8. Mark plays a central role in letting us get to know Paul Planner. He also writes a letter that lets Adrienne know what had happened. Why did the author choose to use the epistolary method for describing these things? Is the letter more effective than a conversation? Why or why not? What is the relationship between Mark and Paul like in the final moments of Paul's death? How do you think Mark views Paul now? Is this typical of father/son relationships?
9. The inn is described in the opening paragraph of the novel. Why did the author start the novel with a description of an inn? How does the inn play a role in all that happens?
(Questions issued by publisher.)
Summer Blowout
Claire Cook, 2008
Hyperion
256 pp.
ISBN-13: 9781401340957
Summary
A good makeup artist never panics. Bella Shaughnessy knows this. She’s the resident makeup maven in a family of Boston Irish hair salon owners; she has an artful solution to almost every problem. But Bella feels bruised beyond the reach of even the best concealer when her half-sister runs off with her husband. What could she come up with to cover a hurt like that?

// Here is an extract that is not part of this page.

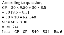 Q4. Nikita bought 30 kg of wheat at the rate of Rs. 9.50 per kg and the same amount of another type of wheat at the rate of Rs. 8.50 per kg and mixed them. She sold the mixture at the rate of Rs. 8.90 per kg. Her total profit or loss in the transaction was:

Plenty, it turns out. She conceives an invigorating new business idea, and soon meets a cute entrepreneur who can help out. Despite their bickering, they can’t seem to stay away from success—or from each other. (From the publisher.)
Author Bio
• Birth—February 14, 1955
• Where—Alexandria, Virginia, USA
• Education—B.A., Syracuse University
• Currently—Scituate, Massachusetts
Raised on Nancy Drew mysteries, Claire Cook has wanted to write ever since she was a little girl. She majored in theater and creative writing at Syracuse University and immersed herself in a number of artistic endeavors (copywriter, radio continuity director, garden designer, and dance and aerobics choreographer), yet somehow her dreams got pushed to the side for more real-life matters—like marriage, motherhood, and a teaching career. Decades passed, then one day she found herself parked in her minivan at 5 AM, waiting for her daughter to finish swim practice. She was struck with a now-or-never impulse and began writing on the spot. By the end of the season, she had a first draft. Her first novel, Ready to Fall, was published in 2000, when Cook was 45.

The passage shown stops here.